Nimesh Kampani, one of India’s top dealmakers, has decided to quit as the managing director of JM Financial Ltd with effect from 30 September 2016.
His tenure was to last until the end of March 2017 but he has voluntarily stepped down, the company said in a stock-exchange filing.
He will continue as the non-executive chairman of the company and the group he founded in 1973, and will also be on the board of some group companies.
The financial services company also said it has appointed Nimesh Kampani’s son Vishal Kampani to take over as managing director from 1 October 2016.
“I believe that it is important for all businesses to implement a proper succession plan and I am committed to follow the same. With this in mind, I have decided to retire from executive role with effect from September 30, 2016 when I turn 70,” Kampani said in a statement.
Kampani, along with the DSP Group’s Hemendra Kothari and the Kotak Mahindra group’s Uday Kotak, is widely regarded as a cult figure in the Indian investment banking industry.

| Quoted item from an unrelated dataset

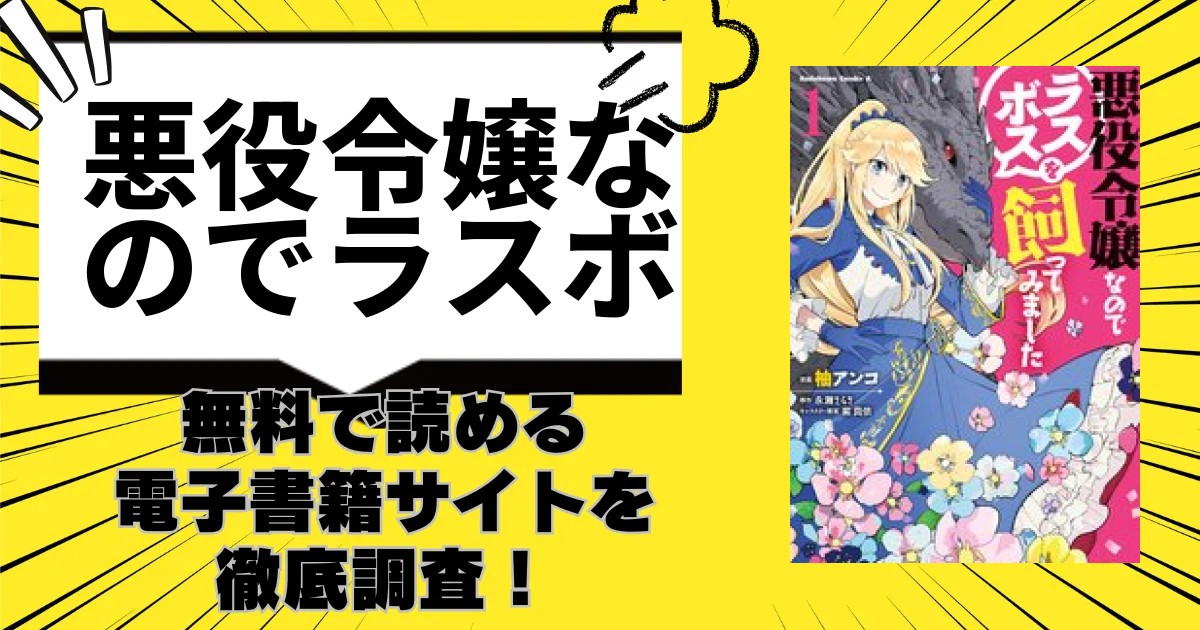 結論、無料で漫画「悪役令嬢なのでラスボスを飼ってみました」を全巻無料で読める電子書籍サイト・漫画アプリはありませんでしたが、一部無料や試し読み、セール・ポイントでお得に読める電子書籍サイト・漫画アプリがあります。

He has been responsible for several marquee deals in his long career. That includes the division of assets between the billionaire brothers Mukesh and Anil Ambani in 2005, for which Kampani was assigned to do the valuation of their diversified business.

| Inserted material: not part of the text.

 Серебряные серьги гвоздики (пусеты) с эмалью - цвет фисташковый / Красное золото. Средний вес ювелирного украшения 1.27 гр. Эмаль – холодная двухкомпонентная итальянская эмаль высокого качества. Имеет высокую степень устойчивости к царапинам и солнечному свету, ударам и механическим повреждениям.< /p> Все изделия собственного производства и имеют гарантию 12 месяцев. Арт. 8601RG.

At the time, JM Financial had a joint venture for investment banking and securities business with Morgan Stanley. The JV ended in 2007 with JM Financial selling its 49% stake in the institutional broking and equity sales division, JM Morgan Stanley Securities, for about Rs 2,000 crore.
Separately, Kampani acquired Morgan Stanley’s 49% stake in JM Morgan Stanley Pvt. Ltd, which looked at other divisions such as fixed income, wealth management, and advisory and distribution businesses.
Later, the firm led by Kampani forged several deals with former Citibank chief Vikram Pandit, who was with Morgan Stanley till 2005. In 2014, Pandit acquired a 50% stake in JM Financial’s real estate lending arm for Rs 525 crore.
Kampani has had his share of lows. He ran into rough weather in 2009 when the Andhra Pradesh police issued a look out notice against him and 17 others in a case involving Nagarjuna Finance. Kampani had been an independent director on the board of the company in 1998-99, and the firm had been charged with defaulting on deposits worth Rs 100 crore. He had to stay out of India for nearly a year.
Some other notable transactions where JM Financial was involved include Diageo’s $2.2 billion acquisition of United Spirits in 2012 and the listing of Tata Consultancy Services in 2004.
Kampani could not be reached for comment over the phone. In the media statement, he said he would now like to spend more time and efforts on socially relevant activities. “And surely on the activities that I truly enjoy but never found time for,” he added.